In the 70s, a strong wind of Pan-Africanism blew across the African continent, borderlines drawn by colonialism began to fade and the continent shrank even further. Proponents of Pan-Africanism held a strong belief that the economic, social and political progress of ‘one Africa’ would unify and uplift people of African descent.
As a result of the proposed economic and infrastructural integration, there was an agreement to construct railways that would traverse North, East, West and Southern Africa.
President Shehu Shagari, who was then president of Nigeria saw the opportunities in a united Africa and decided to build the Ajaokuta steel company. As the giant of Africa, Nigeria was poised to use Ajaokuta steel company to supply the required steel, needed for the construction of the railway.
The railway was already a huge market for the company. Also, Ajaokuta was projected to employ 500,000 people, with annual revenue running into billions of dollars. It was envisioned that the project would provide materials for infrastructural development, technological acquisition, human capacity building, income distribution, regional development, among many other achievements. Ajaokuta was more than sixty percent completed by the Shagari administration.
Despite the promise of a glorious future, a booming economy and a promising democracy, General Muhammadu Buhari and his military colleagues plotted a coup and overthrew Shagari’s government. After the ouster, Ajaokuta was abandoned with no further investment made into it. Even if the sin of overthrowing a democratically elected president is forgivable, how do we forgive the sin of the deliberate impoverishment of our people?

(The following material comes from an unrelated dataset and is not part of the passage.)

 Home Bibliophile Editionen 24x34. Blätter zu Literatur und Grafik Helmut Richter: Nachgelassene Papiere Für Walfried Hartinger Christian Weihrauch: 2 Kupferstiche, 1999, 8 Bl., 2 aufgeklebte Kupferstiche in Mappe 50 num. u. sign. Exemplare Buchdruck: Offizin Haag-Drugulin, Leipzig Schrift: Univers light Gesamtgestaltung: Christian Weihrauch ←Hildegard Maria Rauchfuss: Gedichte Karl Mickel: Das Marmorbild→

Let’s fast forward to his second coming in 2015. The National Bureau of Statistics in August 2016 revealed that 4.58 million Nigerians lost their jobs during Buhari’s first year in office. The unemployment rate has not dropped, but has rather increased. Many companies have wound up. Fortune 500 organisations and other multinationals have been quite concerned about the state of affairs in Nigeria. Portfolio investors, including Aberdeen Asset Management Plc and Ashmore Group Plc, which together oversee about $450 billion of asset, have retreated from Nigerian markets. Nigeria became even less attractive as the country fell from first to fourth, behind Ivory Coast, Kenya and Tanzania in the ranking of business prospects by the research unit of Nielsen Holdings Plc.
To make matters worse, the government recently revoked the contract of INTELS Services. INTELS Services moved to Onne in 1982, which was an almost empty field, only partially built. But INTELS refurbished Onne Port and transformed it to the largest oil and gas free zone in the world. The government has been struggling hard to convince keen observers that the revocation was not done on the basis of INTELS’ affiliation with Alhaji Atiku Abubakar. Atiku has been critical of both the economy and structure of Nigeria and in the same vein, shown that he is interested in running for president in 2019.

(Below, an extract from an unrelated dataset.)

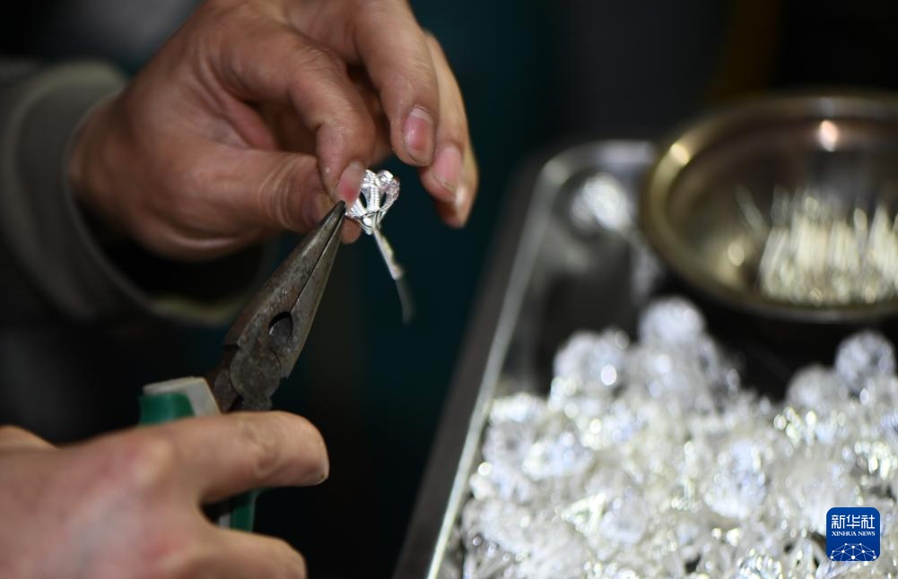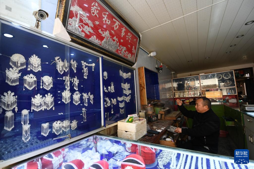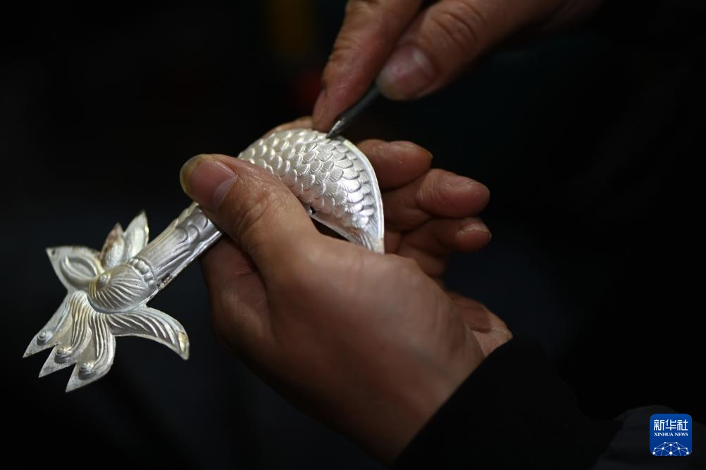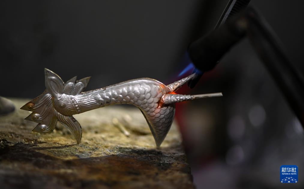 4月8日,手藝人在貴州省黃平縣新州鎮文星社區一家銀飾店內制作銀飾。

For the avoidance of doubts, more than 15,000 families depend on INTELS Services for their daily bread, clothing and shelter. The question is what would happen to these 15,000 people? Should they all suffer because of the ambition of one man?
For a government that detests the voice of dissent and would stop at nothing to clamp down on anyone, Atiku’s INTELS was an easy target. Before Atiku, the government tried to muzzle the opposition by introducing a social media regulation bill. After the bill failed, it introduced the NGO regulation bill to clampdown on organisations who may oppose government policies. This bill will also fail.
A government should be creating jobs instead of destroying them. INTELS also has a multi-billion dollar investment at the Badagry deep seaport in Lagos, the investment in Lagos would create thousands of direct and indirect jobs for Nigerians. If INTELS pulls out of Nigeria, how many jobs can Buhari’s administration create for the teeming population? Everything should not be about politics.